Maranello presenta la Ferrari più antiestetica della sua storia. La moda dello scalino sul muso non ha risparmiato la nuova Ferrari F2012, una macchina che è nata per riscattare le deludenti passate stagioni, attraverso un progetto lavorato ai limiti del regolamento. Nella presentazione avvenuta via web, causa le condimeteo, erano presenti sia Alonso che Massa. Al brasiliano in particolare Montezemolo ha lanciato un allarme, ricordando che il 2012 è l’ultimo anno per dimostrare qualcosa.
Esclusa per il momento la McLaren, forse le macchine ritorneranno belle nel 2014, quando la Formula 1 subirà un rivoluzione tecnica, ma per adesso ci si deve accontentare di queste monoposto che sembrano costruite con le Lego.
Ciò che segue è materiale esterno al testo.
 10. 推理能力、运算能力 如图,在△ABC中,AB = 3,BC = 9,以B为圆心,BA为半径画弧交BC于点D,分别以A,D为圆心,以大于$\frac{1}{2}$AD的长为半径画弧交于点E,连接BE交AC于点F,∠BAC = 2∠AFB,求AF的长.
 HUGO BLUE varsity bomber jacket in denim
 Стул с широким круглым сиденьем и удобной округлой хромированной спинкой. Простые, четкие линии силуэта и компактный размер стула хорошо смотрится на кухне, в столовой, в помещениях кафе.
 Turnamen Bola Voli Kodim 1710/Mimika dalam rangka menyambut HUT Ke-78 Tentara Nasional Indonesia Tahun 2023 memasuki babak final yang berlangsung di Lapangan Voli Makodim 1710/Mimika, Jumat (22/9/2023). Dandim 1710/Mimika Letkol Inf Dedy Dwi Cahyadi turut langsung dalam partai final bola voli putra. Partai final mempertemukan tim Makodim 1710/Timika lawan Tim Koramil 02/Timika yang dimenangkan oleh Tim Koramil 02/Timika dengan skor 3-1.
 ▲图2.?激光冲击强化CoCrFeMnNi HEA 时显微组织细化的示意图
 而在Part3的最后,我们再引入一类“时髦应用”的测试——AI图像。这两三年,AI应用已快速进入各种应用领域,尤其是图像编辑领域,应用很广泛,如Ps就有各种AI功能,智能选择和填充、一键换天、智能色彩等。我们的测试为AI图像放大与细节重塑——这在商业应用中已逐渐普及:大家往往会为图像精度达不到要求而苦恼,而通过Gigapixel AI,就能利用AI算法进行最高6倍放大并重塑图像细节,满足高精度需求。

“Sono sicuro che questa stagione sarà una stagione rossa” ha detto il presidente Luca di Montezemolo presentando la nuova macchina al pubblico di internet.
Il presidente aveva già anticipato la particolare forma della nuova Ferrari, ma se la macchina sarà veloce la forma prenderà un ruolo secondario. Da un punto di vista tecnico essa sembra attualmente la più aggressiva, almeno nella parte posteriore, infatti il naso è molto affilato e proprio nella fine si appiattisce drasticamente. La parte posteriore è molto stretta, sinonimo del fatto che gli ingegneri hanno cercato di riacquistare la deportanza perduta.
Questa Ferrari è stata progettata sotto la guida del nuovo direttore tecnico Pat Fry. Stefano Domenicali ha spiegato che il modus operandi è cambiato nella squadra, quindi addio al vecchio approccio conservativo per dare via ad un atteggiamento più aggressivo, al limite del regolamento tecnico.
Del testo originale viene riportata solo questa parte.